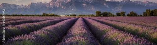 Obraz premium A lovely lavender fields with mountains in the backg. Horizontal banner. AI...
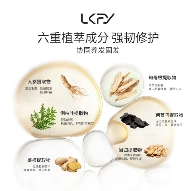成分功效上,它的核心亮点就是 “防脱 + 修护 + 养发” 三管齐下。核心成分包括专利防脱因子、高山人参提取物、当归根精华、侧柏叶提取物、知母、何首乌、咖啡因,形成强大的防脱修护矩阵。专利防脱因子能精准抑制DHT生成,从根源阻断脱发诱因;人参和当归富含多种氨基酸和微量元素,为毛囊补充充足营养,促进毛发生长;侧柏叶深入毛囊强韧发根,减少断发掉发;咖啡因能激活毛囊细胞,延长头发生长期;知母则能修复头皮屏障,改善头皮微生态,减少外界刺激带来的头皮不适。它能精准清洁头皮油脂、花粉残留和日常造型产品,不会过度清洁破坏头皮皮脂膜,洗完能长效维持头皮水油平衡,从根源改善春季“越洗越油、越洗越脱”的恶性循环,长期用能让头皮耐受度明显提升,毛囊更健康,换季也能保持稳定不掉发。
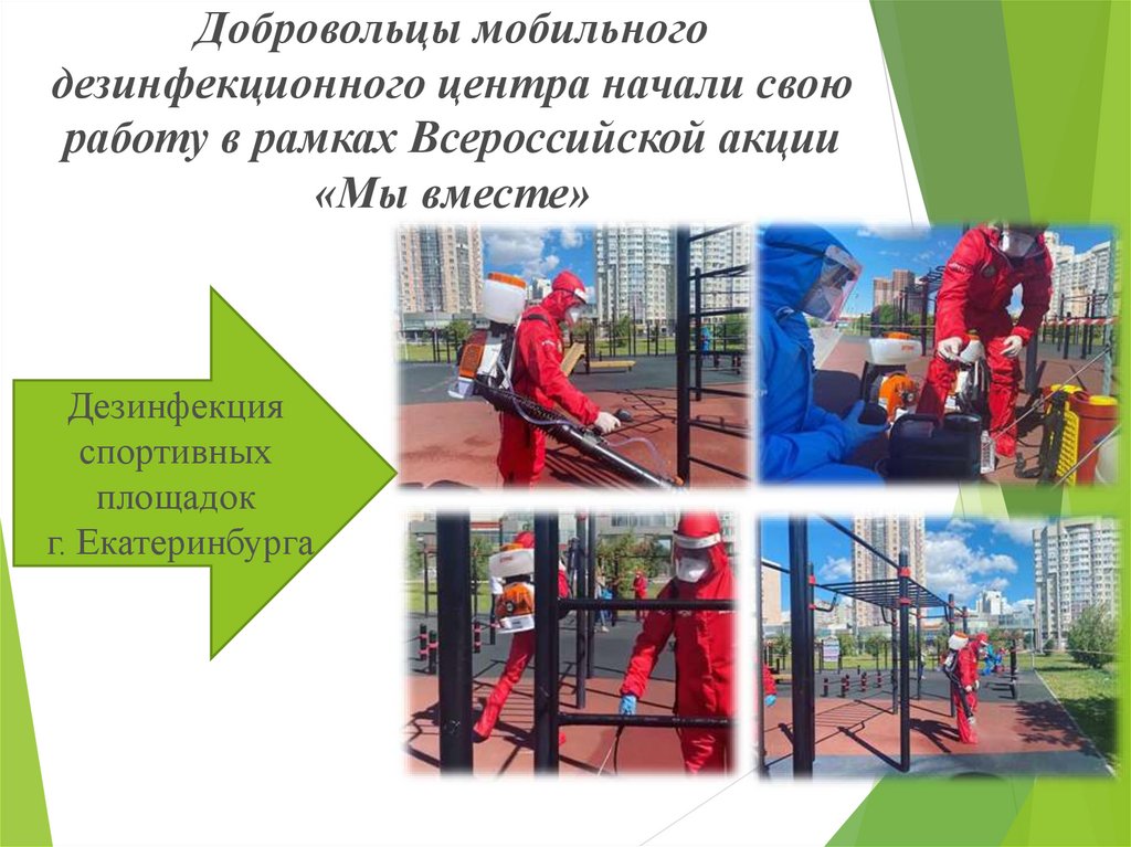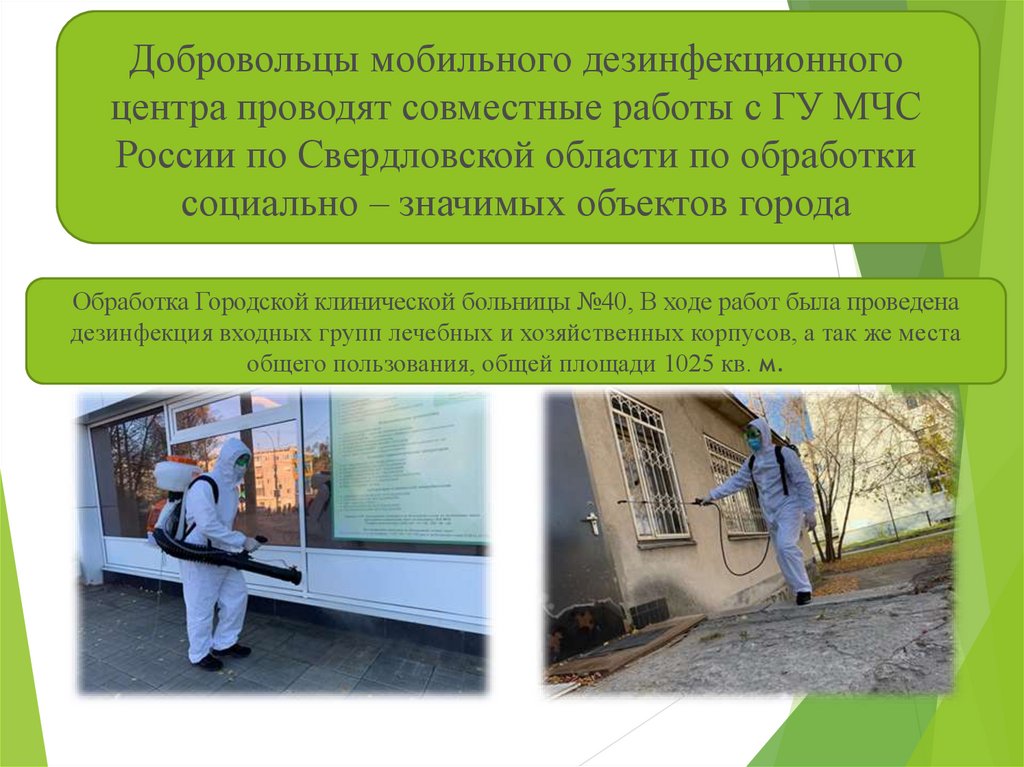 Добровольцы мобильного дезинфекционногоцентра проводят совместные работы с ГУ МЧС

**WORK TASK**:
Every line of the material must be returned verbatim, and pictures must be left behind.

**PROBLEM SOLUTION**:
 Obraz premium A lovely lavender fields with mountains in the backg. Horizontal banner. AI...
成分功效上,它的核心亮点就是 “防脱 + 修护 + 养发” 三管齐下。核心成分包括专利防脱因子、高山人参提取物、当归根精华、侧柏叶提取物、知母、何首乌、咖啡因,形成强大的防脱修护矩阵。专利防脱因子能精准抑制DHT生成,从根源阻断脱发诱因;人参和当归富含多种氨基酸和微量元素,为毛囊补充充足营养,促进毛发生长;侧柏叶深入毛囊强韧发根,减少断发掉发;咖啡因能激活毛囊细胞,延长头发生长期;知母则能修复头皮屏障,改善头皮微生态,减少外界刺激带来的头皮不适。它能精准清洁头皮油脂、花粉残留和日常造型产品,不会过度清洁破坏头皮皮脂膜,洗完能长效维持头皮水油平衡,从根源改善春季“越洗越油、越洗越脱”的恶性循环,长期用能让头皮耐受度明显提升,毛囊更健康,换季也能保持稳定不掉发。
 Добровольцы мобильного дезинфекционногоцентра проводят совместные работы с ГУ МЧС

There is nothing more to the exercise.